Items from a data source
__________________________________________________

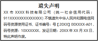 XX市XXXX科技有限公司(統一社會信用代碼:911XXXXXXXXXXXXXX)不慎遺失中華人民共和國電信網碼號資源使用證書、證書編號:號【20XX】00XXXX-A01,碼號資源:10XXXXXX,發(fā)證日期:20XX年XX月XX日,特此聲明作廢。
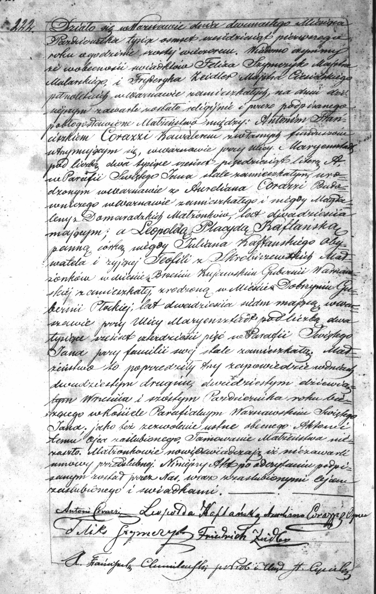 | sw.240343 | sw.240340 (sw.240340) | Akt małżeństwa: Warszawa św. Jan (obecn. m. Warszawa), 108/1835 [indeks na http://geneteka.genealodzy.pl/] http://metryki.genealodzy.pl/metryka.php?ar=8&zs=9233d&sy=317&kt=5&skan=108-109.jpg [podgląd] | ||||||||
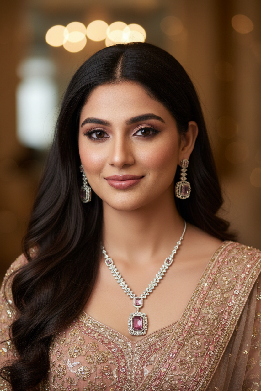 Add a touch of class and ton of glamour to your styling this season, gorgeous new American Diamond Jewellery Set to sparkle your parties and dazzle up your outfits!
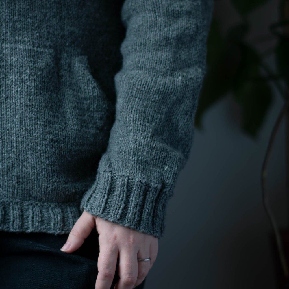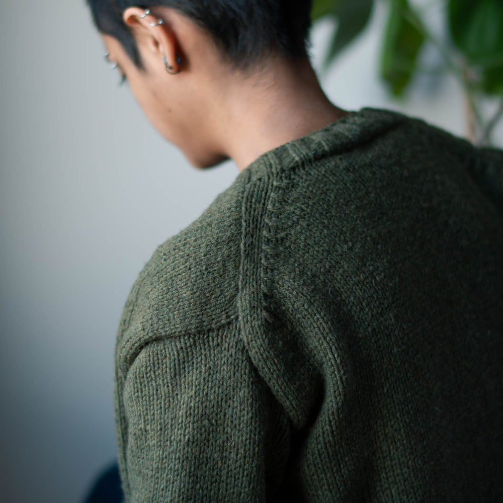 The back and front are worked separately from the bottom up, which gives structure and allows two layers to be worked on the fronts for the neatly constructed pockets. The wide, relaxed-fit shoulders use an extended version of English tailoring, with all of the shaping at the back. The style is somewhere between a set-in and dropped shoulder with very shallow sleeve caps. The sleeves are worked flat, from the top down, on stitches picked up around the armhole. The ribbed buttonband is worked by picking up stitches around the fronts.
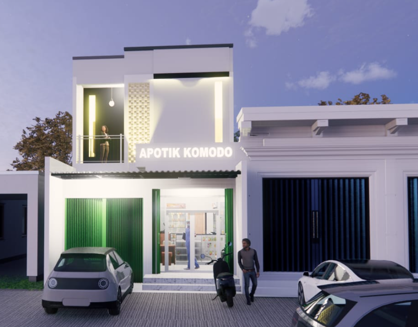 Desain Apotek 2 Lantai 6×15 m – Bekasib. Desain 100-200 M2 DESAIN RUMAH IBU C – BEKASI – LUAS 220/120 M2 – RUMAH 2 LANTAI – GAYA MODERN MINIMALIS APOTEK (3M x 10M); CARPORT; R. TAMU; R. KELUARGA; DAPUR; 4 KAMAR TIDUR; 2 KAMAR MANDI; BALKON; AREA JEMUR
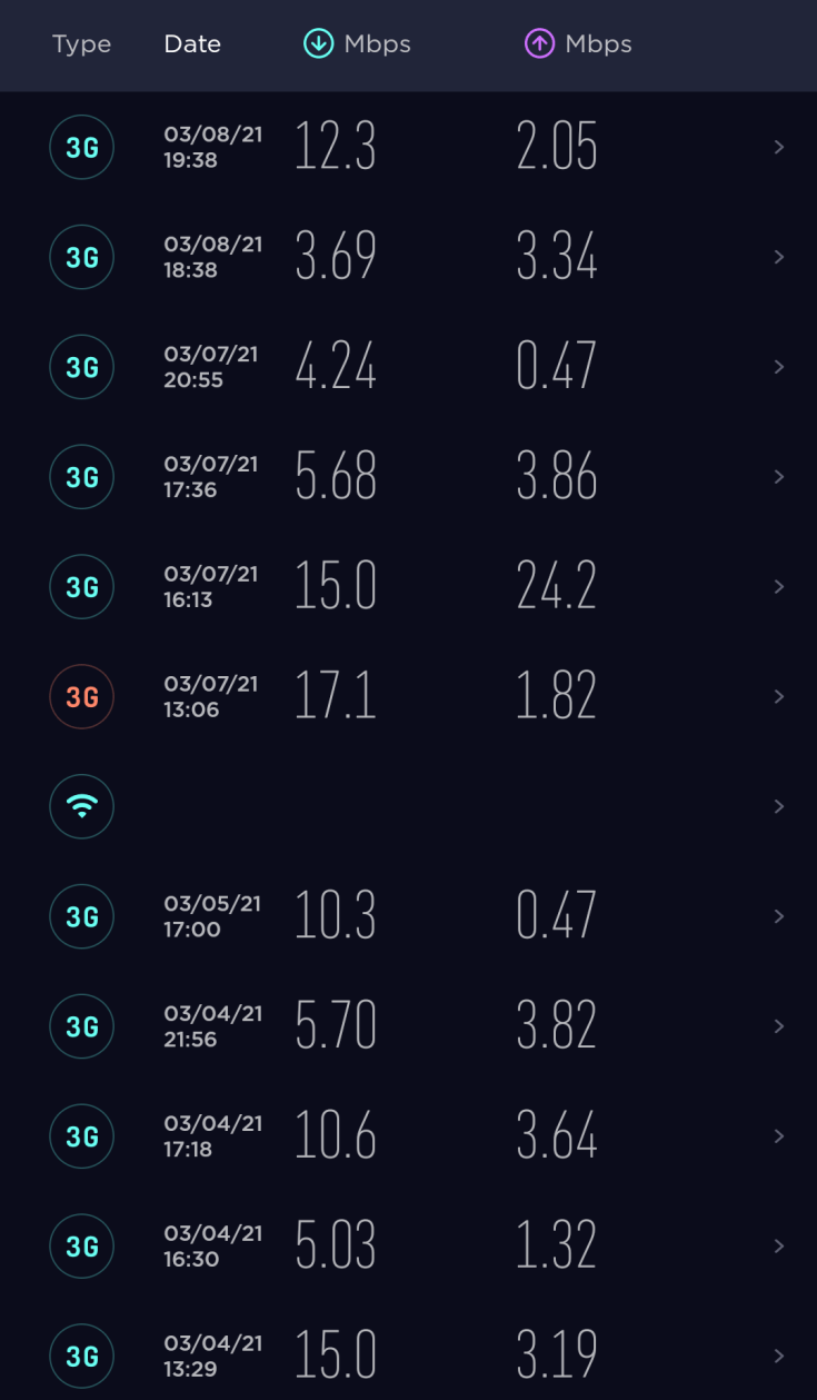 從以上測速結果可見,3HK 的 3G 網絡下載速度並非太低,即使頻譜有限,最低都有 2Mbps 以上,有時甚至超過 10Mbps,就算未如 4G 網絡之速度,亦足以應付日常需要,例如通訊軟件、社交媒體、網頁瀏覽。反而上載速度較差,不時出現下載速度高、上載速度極低的情況,上載速度低過 1Mbps 並非閒事,這也是 3G 年代的特色。
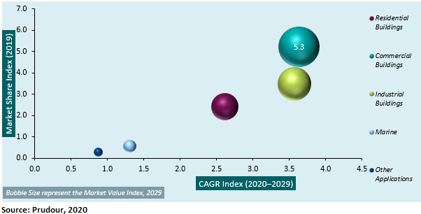 In terms of application, the commercial buildings segment accounted for the majority revenue shares of the global fire dampers market in 2020, and is projected to register the highest CAGR, with an attractiveness index of 5.3, over the forecast period. The residential buildings segment accounted for the second-highest number of revenue shares of the global fire dampers market in 2020, and is expected to continue to do so for the years to come.
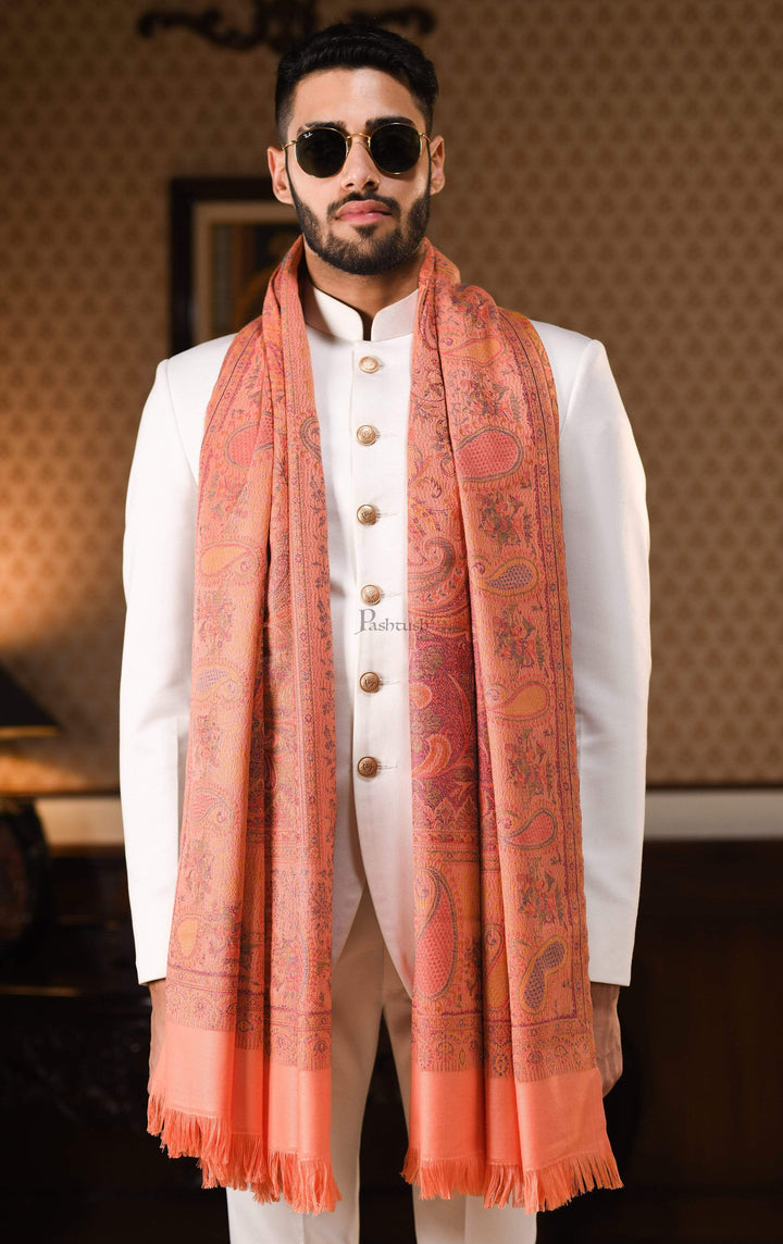Pashtush Mens Design Jamawar Stole, Soft And Warm, Peach
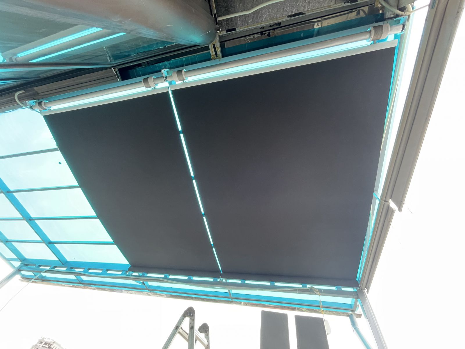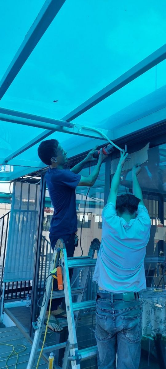 Khi đến nơi, chị đã tìm hiểu kỹ về sản phẩm rồi, nên cuộc gặp tập trung hẳn vào phần kỹ thuật: chia bộ, bố trí ray, và gia cố sao cho vừa gọn gàng – vừa chắc chắn – vừa đẹp mắt. Ban đầu, mình tính chia làm 2 bộ chạy ngang, nhưng vì chiều dài mái kính tới gần 6m, nên có thể vải sẽ hơi võng nhẹ, khả năng sẽ ít bền hơn. Mình chia sẻ thẳng thắn điều đó. Chị suy nghĩ một chút rồi nói: “Thế thì chia làm 4 bộ chạy dọc đi em, cho chắc chắn và bền lâu.” Vậy là xong – chốt gọn nhẹ như một cái gật đầu. Công trình được triển khai nhanh chóng và hoàn thiện chỉ sau 02 ngày:
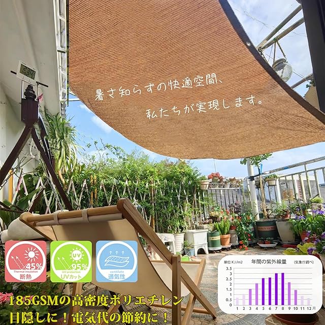 【遮熱効果(45%カット)・日よけシート】高い遮熱効果を持つ生地を使用しており、太陽からの熱や地面からの反射熱を45%カットする日よけシートです。室内の温度が下がり、まるで木陰のような涼やかで快適な空間を演出します。
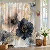 1 Eleganter floraler Duschvorhang, Beige und schwarze Mohnblumen, Goldene Mitte, Grau-weißer Hintergrund, Mit Haken, Polyestergewebe
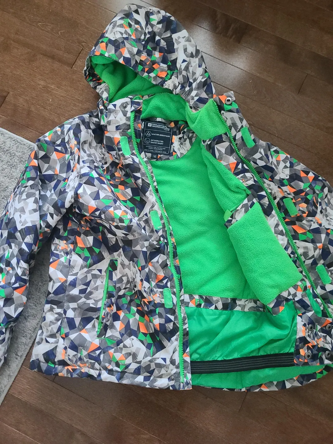 This is a Mountain Warehouse ski jacket. It's water resistant and features an integrated snow skirt. Designed for kids, it has a bright, geometric pattern and a green fleece lining. Great for hitting the slopes! Youth size 11-12
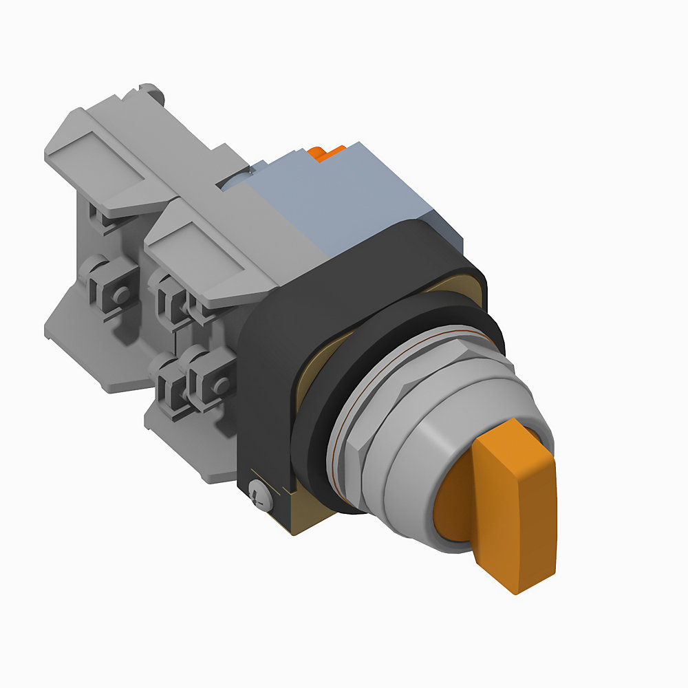 30.5mm Type 4/13 Sel. Switch-Illum., 3 Pos.Transformer, 120V AC 50/60 Hz, Amber, Std. Knob Spring Rtn fr/ Left
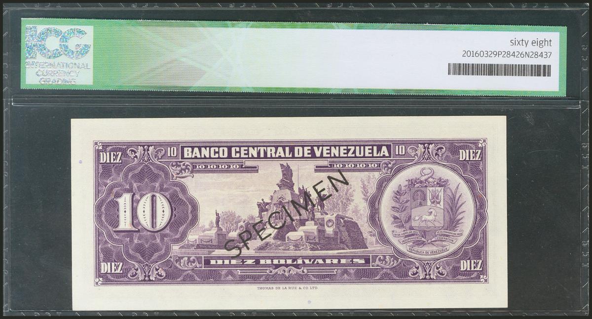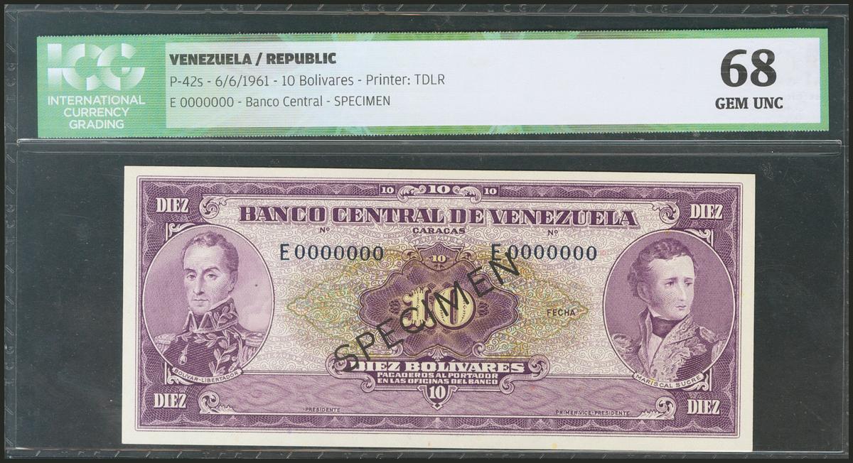 VENEZUELA. 10 Bolívares. 6 June 1961. Specimen E000000. (Pick: 42s). ICG68.

__________________________________________________

- Requirement: Every entry above needs to be copied exactly, and no pictures go with it.

- Answer space:
 XX市XXXX科技有限公司(統一社會信用代碼:911XXXXXXXXXXXXXX)不慎遺失中華人民共和國電信網碼號資源使用證書、證書編號:號【20XX】00XXXX-A01,碼號資源:10XXXXXX,發(fā)證日期:20XX年XX月XX日,特此聲明作廢。
 | sw.240343 | sw.240340 (sw.240340) | Akt małżeństwa: Warszawa św. Jan (obecn. m. Warszawa), 108/1835 [indeks na http://geneteka.genealodzy.pl/] http://metryki.genealodzy.pl/metryka.php?ar=8&zs=9233d&sy=317&kt=5&skan=108-109.jpg [podgląd] | ||||||||
 Add a touch of class and ton of glamour to your styling this season, gorgeous new American Diamond Jewellery Set to sparkle your parties and dazzle up your outfits!
 The back and front are worked separately from the bottom up, which gives structure and allows two layers to be worked on the fronts for the neatly constructed pockets. The wide, relaxed-fit shoulders use an extended version of English tailoring, with all of the shaping at the back. The style is somewhere between a set-in and dropped shoulder with very shallow sleeve caps. The sleeves are worked flat, from the top down, on stitches picked up around the armhole. The ribbed buttonband is worked by picking up stitches around the fronts.
 Desain Apotek 2 Lantai 6×15 m – Bekasib. Desain 100-200 M2 DESAIN RUMAH IBU C – BEKASI – LUAS 220/120 M2 – RUMAH 2 LANTAI – GAYA MODERN MINIMALIS APOTEK (3M x 10M); CARPORT; R. TAMU; R. KELUARGA; DAPUR; 4 KAMAR TIDUR; 2 KAMAR MANDI; BALKON; AREA JEMUR
 從以上測速結果可見,3HK 的 3G 網絡下載速度並非太低,即使頻譜有限,最低都有 2Mbps 以上,有時甚至超過 10Mbps,就算未如 4G 網絡之速度,亦足以應付日常需要,例如通訊軟件、社交媒體、網頁瀏覽。反而上載速度較差,不時出現下載速度高、上載速度極低的情況,上載速度低過 1Mbps 並非閒事,這也是 3G 年代的特色。
 In terms of application, the commercial buildings segment accounted for the majority revenue shares of the global fire dampers market in 2020, and is projected to register the highest CAGR, with an attractiveness index of 5.3, over the forecast period. The residential buildings segment accounted for the second-highest number of revenue shares of the global fire dampers market in 2020, and is expected to continue to do so for the years to come.
Pashtush Mens Design Jamawar Stole, Soft And Warm, Peach
 Khi đến nơi, chị đã tìm hiểu kỹ về sản phẩm rồi, nên cuộc gặp tập trung hẳn vào phần kỹ thuật: chia bộ, bố trí ray, và gia cố sao cho vừa gọn gàng – vừa chắc chắn – vừa đẹp mắt. Ban đầu, mình tính chia làm 2 bộ chạy ngang, nhưng vì chiều dài mái kính tới gần 6m, nên có thể vải sẽ hơi võng nhẹ, khả năng sẽ ít bền hơn. Mình chia sẻ thẳng thắn điều đó. Chị suy nghĩ một chút rồi nói: “Thế thì chia làm 4 bộ chạy dọc đi em, cho chắc chắn và bền lâu.” Vậy là xong – chốt gọn nhẹ như một cái gật đầu. Công trình được triển khai nhanh chóng và hoàn thiện chỉ sau 02 ngày:
 【遮熱効果(45%カット)・日よけシート】高い遮熱効果を持つ生地を使用しており、太陽からの熱や地面からの反射熱を45%カットする日よけシートです。室内の温度が下がり、まるで木陰のような涼やかで快適な空間を演出します。
 1 Eleganter floraler Duschvorhang, Beige und schwarze Mohnblumen, Goldene Mitte, Grau-weißer Hintergrund, Mit Haken, Polyestergewebe
 This is a Mountain Warehouse ski jacket. It's water resistant and features an integrated snow skirt. Designed for kids, it has a bright, geometric pattern and a green fleece lining. Great for hitting the slopes! Youth size 11-12
 30.5mm Type 4/13 Sel. Switch-Illum., 3 Pos.Transformer, 120V AC 50/60 Hz, Amber, Std. Knob Spring Rtn fr/ Left
 VENEZUELA. 10 Bolívares. 6 June 1961. Specimen E000000. (Pick: 42s). ICG68.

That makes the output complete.